How (and where) Prometheus alerts get their labels
In Prometheus, you can and usually do
have alerting rules
that evaluate expressions to create alerts. These alerts are usually
passed to Alertmanager and they
are visible in Prometheus itself as a couple of metrics, ALERTS
and ALERTS_FOR_STATE
. These metrics can be used to do things
like find out the start time of alerts
or just display a count of currently active alerts on your dashboard.
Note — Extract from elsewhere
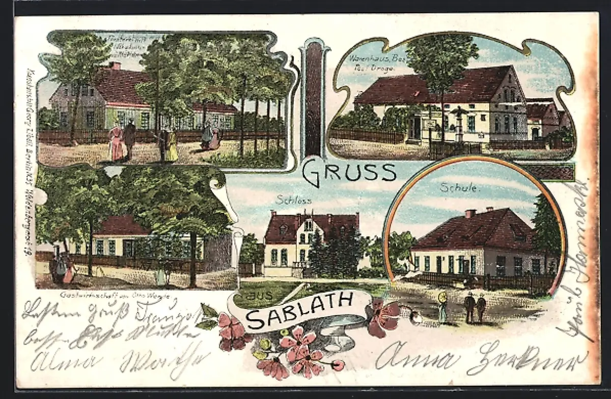 Lithographie Sablath, Gasthaus von Otto Wende, Försterei, Schloss

Alerts almost always have labels
(and values for those labels), which tend to be used in Alertmanager
templates to provide additional information along side annotations,
which are subtly but crucially different.
All of this is standard Prometheus knowledge and is well documented, but what doesn't seem to be well documented is where alert labels come from (or at least I couldn't find it said explicitly in any of the obvious spots in the documentation). Within Prometheus, the labels on an alert come from two places. First, you can explicitly add labels to the alert in the alert rule, which can be used for things like setting up testing alerts. Second, the basic labels for an alert are whatever labels come out of the alert expression. This can have some important consequences.
If your alert expression is a simple one that just involves basic
metric operations, for example 'node_load1 > 10.0
', then the basic
labels on the alert are the same labels that the metric itself has;
all of them will be passed through. However, if your alert expression
narrows down or throws away some labels, then those labels will be
missing from the end result. One of the ways to lose metrics in
alert expressions is to use 'by (...)
',
because this discards all labels other than the 'by (whatever)
' label
or labels. You can also deliberately pull in labels from additional
metrics, perhaps as a form of database
lookup (and then you can use these additional
labels in your Alertmanager setup).
Prometheus itself also adds an alertname
label, with the name of
the alert as its value. The ALERTS
metric in Prometheus also
has an alertstate
label, but this is not passed on to the version
of the alert that Alertmanager sees. Additionally, as part of
sending alerts to Alertmanager, Prometheus can relabel
alerts in general to do things like canonicalize some labels. This
can be done either for all Alertmanager destinations or only for a
particular one, if you have more than one of them set up. This
only affects alerts as seen by Alertmanager; the version in the
ALERTS
metric is unaffected.
(This can be slightly annoying if you're building Grafana dashboards that display alert information using labels that your alert relabeling changes.)
PS: In practice, people who use Prometheus work out where alert labels come from almost immediately. It's both intuitive (alert rules use expressions, expression results have labels, and so on) and obvious once you have some actual alerts to look at. But if you're trying to decode Prometheus on your first attempt, it and the consequences aren't obvious.
|
|